For the listing below, the answer is an exact retyping of the lines from the one with "Nous vous transmettons" through the one with "神社は立派な大提灯を早朝より", both included, without pictures.
··· DATA SHOWN ···
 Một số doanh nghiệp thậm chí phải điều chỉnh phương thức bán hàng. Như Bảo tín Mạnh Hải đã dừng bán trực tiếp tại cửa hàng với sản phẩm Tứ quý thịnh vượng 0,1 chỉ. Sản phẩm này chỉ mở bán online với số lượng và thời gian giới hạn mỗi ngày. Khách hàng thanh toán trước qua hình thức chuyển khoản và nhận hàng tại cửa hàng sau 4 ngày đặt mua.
···
··· DATA SHOWN ···
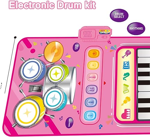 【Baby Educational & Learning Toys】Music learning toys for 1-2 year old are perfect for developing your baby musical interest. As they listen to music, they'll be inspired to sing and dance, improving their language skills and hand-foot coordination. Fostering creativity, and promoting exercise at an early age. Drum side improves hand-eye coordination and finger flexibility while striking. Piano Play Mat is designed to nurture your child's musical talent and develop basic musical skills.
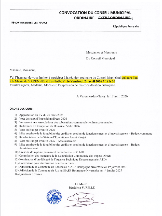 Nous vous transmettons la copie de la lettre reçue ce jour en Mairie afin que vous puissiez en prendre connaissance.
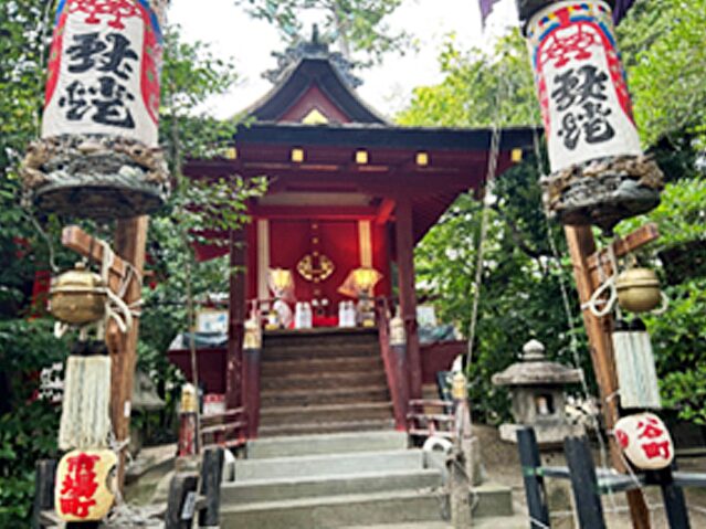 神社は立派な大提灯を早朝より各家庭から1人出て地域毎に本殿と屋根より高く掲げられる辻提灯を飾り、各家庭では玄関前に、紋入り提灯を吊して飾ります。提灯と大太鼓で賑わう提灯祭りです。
···
▶ _WRITTEN REPLY_
 Nous vous transmettons la copie de la lettre reçue ce jour en Mairie afin que vous puissiez en prendre connaissance.
 神社は立派な大提灯を早朝より各家庭から1人出て地域毎に本殿と屋根より高く掲げられる辻提灯を飾り、各家庭では玄関前に、紋入り提灯を吊して飾ります。提灯と大太鼓で賑わう提灯祭りです。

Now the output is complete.